Election candidates promise to reduce pinch of power bills

With a week to go on the campaign trail, provincial election candidates are ramping up efforts to reach out to voters — and the rising cost of electricity bills is one issue that keeps coming up.
All major political parties have ideas to give you a break on your power bill. (CBC)

With a week to go on the campaign trail, provincial election candidates are ramping up efforts to reach out to voters — and the rising cost of electricity bills is one issue that keeps coming up.

“[It’s] one of the top two or three items, every time I do knock on the door,” said  Timiskaming-Cochrane riding candidate Peter Politis, who is running with the PC Party of Ontario.

“People are really, really concerned.”

The Liberal candidate for Timiskaming-Cochrane says at almost every house he visits, people want to talk about power and the cost of green energy.

“There's been a whole lot of talk from the other parties about scrapping the clean energy act and you kind of hear it a little bit at the door, but people are glad we made some hard decisions that we had to make in terms of the dirty coal plants that ensured that we are looking for the future,” Sebastien Goyer said.

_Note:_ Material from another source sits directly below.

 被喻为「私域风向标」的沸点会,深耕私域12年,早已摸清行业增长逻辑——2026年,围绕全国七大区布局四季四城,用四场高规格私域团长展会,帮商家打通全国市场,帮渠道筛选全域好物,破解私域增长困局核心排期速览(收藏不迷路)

Goyer noted the Liberals plan to drop a long-standing debt-retirement charge to lower electricity bills. However, the Grits also plan to end a 10 per cent subsidy that was a campaign promise last time around.

'Nothing ... parties can do'

The Ontario PC party plan involves cutting back on subsidies for green energy.

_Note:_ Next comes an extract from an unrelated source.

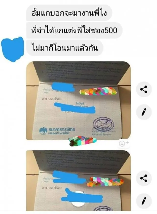 “ช่วงเดือนพฤศจิกายนมีพี่ที่ทำงานเก่าแกส่งการ์ดเชิญมาในแชท ซึ่งกำหนดงานคือวันที่19/1/62 ซึ่งเดือนธันวาคม นู๋ก้อเลยขอเวรเพื่อไปงานแต่งพี่เขาเดือนมกราคม แต่เนื่องจากมีคนลาออกและยอดผู้ป่วยเต็ม ทำให้พี่หัวหน้าไม่สามารถจัดเวรให้ได้ และประกอบกับแม่สามีนู๋ถูกรถชน จึงไม่สามารถไปร่วมแสดงความยินดีกับพี่เขาได้ค่ะ แต่นู๋ก็ตั้งใจว่าถ้าวันหยุดแล้วได้กลับบ้านที่สุพรรณ นู๋ตั้งใจจะแวะเอาซองไปให้ จนวันนี้ตอนเวลา11.10น.พี่เขาได้ส่งแชทมาทวงเงินค่าซองพร้อมว่ากล่าวนู๋อย่างมากมาย หาว่านู๋เอาแต่ได้ แต่จริงๆนู๋ไม่เคยคิดเช่นนั้นเรย ตกลงนู๋ผิดใช่มั้ยคะจี”

Energy consultant Tom Adams said that could prove difficult, because the province is locked into long contracts.

“There's a question mark that hangs over how effective the PCs could conceivably be in achieving reductions,” he said.

John Kiemele, an energy analyst with a firm called En-Pro International, says the move could bring savings in the long run.

But in the short term, “there is really nothing I don't think that any of the parties can do to eliminate that because of the length of the term of these contracts that the Ontario power authority has made,” Kiemele said.

Meanwhile, said the NDP says it will drop the provincial portion of the HST to lower electricity bills.

Kiemele said that would give people a small break, but it doesn't actually address the rising cost for electricity.

Adams remarked the NDP plan amounts to a shift in taxation, because that revenue will have to come from elsewhere.